Where volunteers help us in our research is in providing the annotations we need to train or refine our segmentation models. Once we have segmentation models that are working well, we can start to ask the really interesting questions – like what differences can we see in the mitochondria of healthy or diseased placenta? And what does that mean for our understanding of that disease?

But using citizen science to train or finetune our models isn’t just about passing the workload from a researcher to the crowd – it’s so much more powerful than that. One thing I’m really interested in is how citizen science can impact the bias in our models. If one expert trains a model, it will ‘see’ what that one individual sees. But if a model is trained on thousands of eyes through citizen science, it has the potential to be less biased than the expert, and who knows what that will bring!
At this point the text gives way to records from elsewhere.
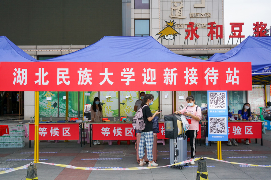 校团委组织学校各学生组织成员前往火车站迎接新生。学校在恩施站设有迎新报到点,工作人员为新生进行体温检测、消毒,核验健康码、行程卡,帮助新生搬运行李,维持现场秩序,协助返校巴士顺利往返。工作人员认真、耐心,迎新现场有条不紊、秩序井然。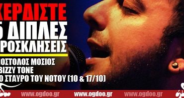 Το Ogdoo.gr εξασφάλισε για τους αναγνώστες του πέντε διπλές προσκλήσεις με κρασί ή μπύρα ανά συναυλία του Απόστολου Μόσιου & των Bizzy Tone στο Σταυρό του Νότου Club, στις 10 & 17 Οκτωβρίου 2012.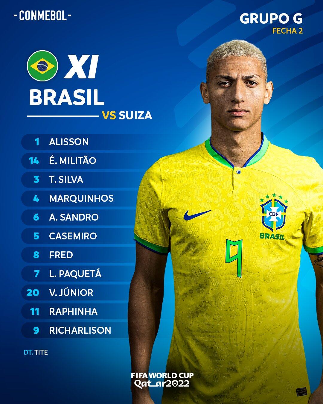 北京时间11月29日凌晨0点,2022卡塔尔世界杯小组赛第二轮,巴西队将对阵瑞士队。赛前,双方公布了首发名单,巴西队的内马尔因伤缺席,里沙利松、维尼修斯和拉菲尼亚组成攻击线,瑞士队的佐默、阿坎吉和恩博洛首发。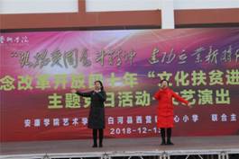 为纪念改革开放40周年,2018年12月15日,Beat365唯一官方网站80余名师生,赴白河县西营镇中心小学,举办“弘扬爱国奋斗精神建功立业新时代”—— Beat365唯一官方网站党总支赴白河县纪念改革开放四十周年,文化扶贫进校园主题党日活动。白河县教育体育局社会体育中心主任张从庆、西营镇党委书记王海波以及2000余名师生、群众参加了活动。此次活动分为基层党建交流、回访毕业生、艺术社团交流教学、速写校园美景、文艺演出五个部分。

What’s a surprising or fun fact about your research field?

We collect a lot of data at the Rosalind Franklin Institute. Recently we celebrated reaching 1 petabyte of Franklin data with a petabyte party (yes, there was cake). A petabyte is one million gigabytes – a huge amount of data for anyone to analyse – hence why we know citizen science is so valuable in our research. But what astounds me is how biology is at a completely different level; you can store roughly 215 petabytes of data in just 1 gram of DNA. Mind: blown.

What first got you interested in research?

I’m very lucky that I was exposed to a lot of science and engineering from a very early age. I think I decided I’d be a biochemist when I was just 9 years old, but in the end materials science stole my heart! There’s something fundamentally rewarding about being able to look at my everyday environment and ask: “How does this work?”, “What is this made of?” and most importantly “Why????”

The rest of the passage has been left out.